In one or more embodiments, aspects of the present patent document may be directed to, may include, or may be implemented on one or more information handling systems (or computing systems). An information handling system/computing system may include any instrumentality or aggregate of instrumentalities operable to compute, calculate, determine, classify, process, transmit, receive, retrieve, originate, route, switch, store, display, communicate, manifest, detect, record, reproduce, handle, or utilize any form of information, intelligence, or data. For example, a computing system may be or may include a personal computer (e.g., laptop), tablet computer, mobile device (e.g., personal digital assistant (PDA), smart phone, phablet, tablet, etc.), smart watch, server (e.g., blade server or rack server), a network storage device, camera, or any other suitable device and may vary in size, shape, performance, functionality, and price. The computing system may include random access memory (RAM), one or more processing resources such as a central processing unit (CPU) or hardware or software control logic, read only memory (ROM), and/or other types of memory. Additional components of the computing system may include one or more disk drives, one or more network ports for communicating with external devices as well as various input and output (I/O) devices, such as a keyboard, mouse, stylus, touchscreen, and/or video display. The computing system may also include one or more buses operable to transmit communications between the various hardware components.

FIG. 4 is a flowchart for training an audio generative model, according to one or more embodiments of the present disclosure. In one or more embodiments, process 400 for modeling raw audio may begin when 1D waveform data that has been sampled from raw audio data is obtained (405). The 1D waveform data may be converted (410) into a 2D matrix, e.g., by column-major order. In one or more embodiments, the 2D matrix may comprise a set of rows that define a height dimension. The 2D matrix may be input (415) to the audio generative model that may comprise one or more dilated 2D convolutional neural network layers that apply a bijection to the 2D matrix. In one or more embodiments, the bijection may be used (420) to perform a maximum likelihood training on the audio generative model without using a probability density distillation

FIG. 5 depicts a simplified system diagram for likelihood-based training for modeling raw audio according to one or more embodiments of the present disclosure. In embodiments, system 500 may comprise WaveFlow module 510, inputs 505 and 510, and output 515, e.g., a loss. Input 505 may comprise 1D waveform data that may be sampled from raw audio to serve as ground-truth data. Input 520 may comprise acoustic features, such as linguistic features, mel spectrograms, mel frequency cepstral coefficients (MFCCs), etc. It is understood that WaveFlow module 510 may comprise additional and/or other inputs and outputs than those depicted in FIG. 5. In one or more embodiments, WaveFlow module 510 may utilize one or more methods described herein to perform maximum likelihood training to generate output 515, e.g., by using variable Z_i,jfrom Eq. (6) to calculate log-likelihood scores according to the loss function in Eq. (8) and output the loss.

FIG. 6 depicts a simplified system diagram for modeling raw audio according to one or more embodiments of the present disclosure.

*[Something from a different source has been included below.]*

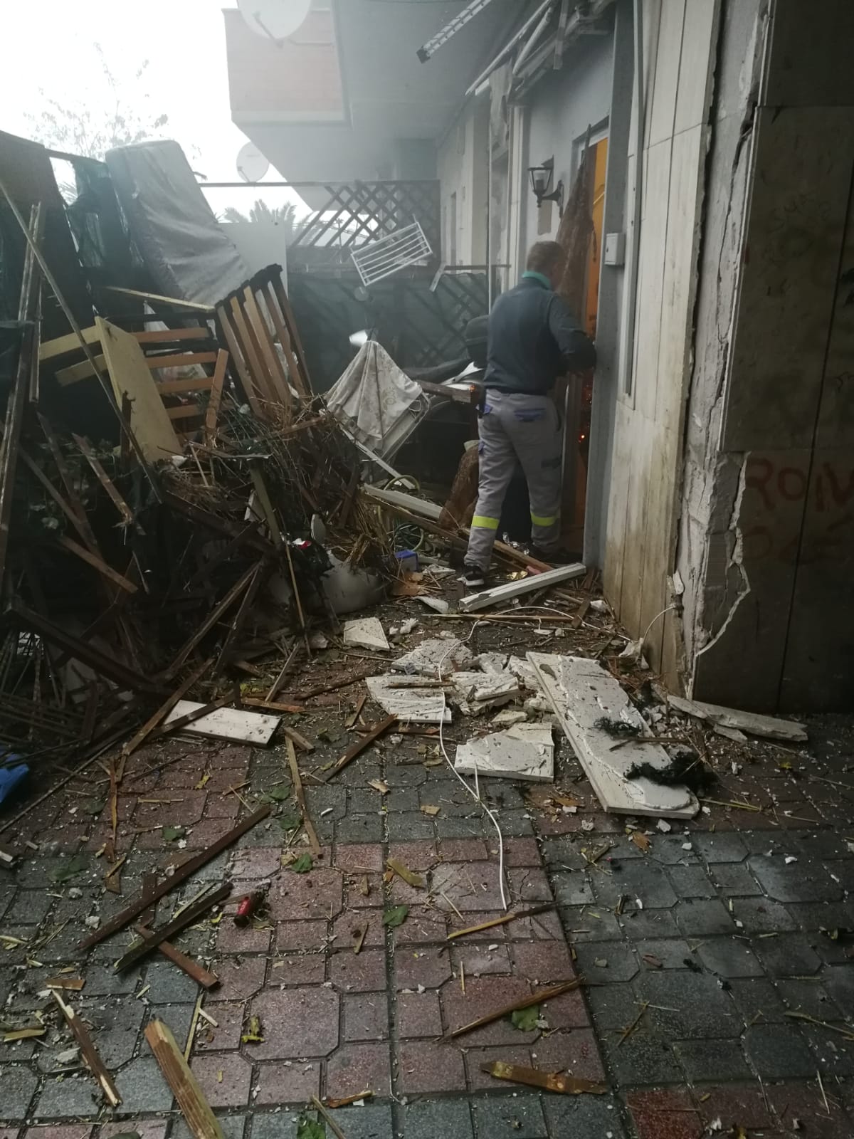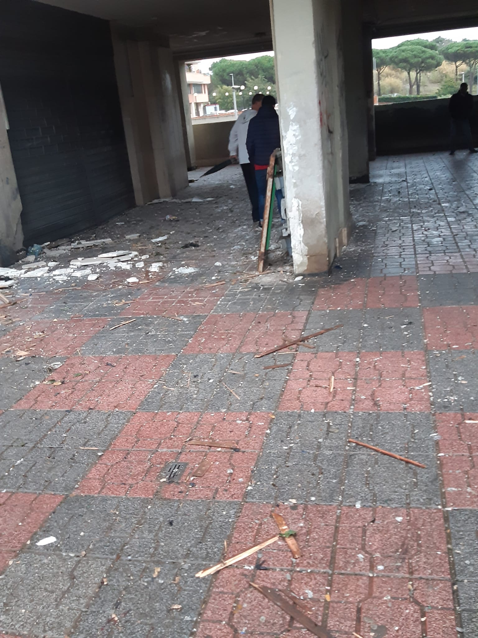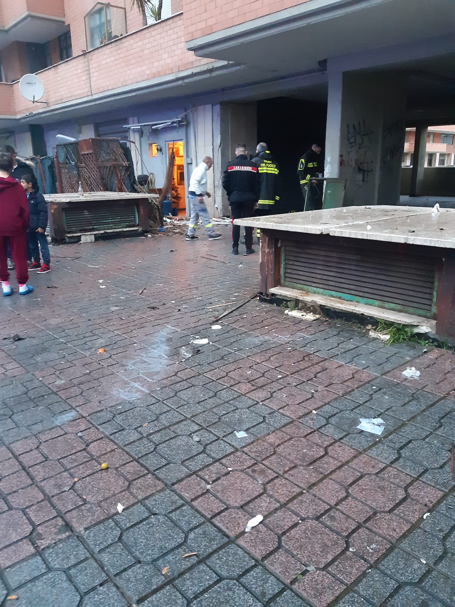 Già da qualche ora si sentivano esplodere dei petardi in maniera molto rumorosa, ma nessuno avrebbe mai immaginato quanto sarebbe successo di lì a poco. Verso le 15:30 qualcuno ha lanciato un “ordigno” artigianale, chiamato “cipolla”, uno dei più potenti che esistano. L’esplosione è stata devastante: il maxi petardo ha colpito uno di quelli che originariamente sarebbero dovuti essere negozi, poi occupati abusivamente e utilizzati come abitazione. Si tratta del primo sul piazzale venendo da via Fellini. L’esplosione ha causato il crollo di diversi calcinacci nella parte esterna, mentre all’interno sono crollati gli arredi e parte dell’intonaco. La deflagrazione è stata talmente forte che l’appartamento sovrastante, nella scala H, è stato colpito, riportando numerosi danni. La donna che vi abita, in preda allo choc per lo spavento, ha dovuto ricorrere alle cure del 118, rapidamente intervenuto.

In embodiments, system 600 may comprise WaveFlow module 610, input 605, and output 615. Input 605 may comprise acoustic features, such as linguistic features, mel spectrograms, MFCCs, etc., depending on the application (e.g., TTS, music, etc.). Output 615 comprises synthesized data, such as 1D waveform data. As with FIG. 5, it is understood that WaveFlow module 610 may comprise additional and/or other inputs and outputs than those depicted in FIG. 6. In one or more embodiments, WaveFlow module 610 may have been trained according to any of the methods discussed herein and may utilize one or more methods to generate output 615. As an example, WaveFlow module 610 may use Eq. (9) discussion in Section C above to predict output 615, e.g., a set of raw audio signals.

FIG. 7 depicts a simplified block diagram of a computing system (or computing system), according to one or more embodiments of the present disclosure. It will be understood that the functionalities shown for system 700 may operate to support various embodiments of a computing system—although it shall be understood that a computing system may be differently configured and include different components, including having fewer or more components as depicted in FIG. 7.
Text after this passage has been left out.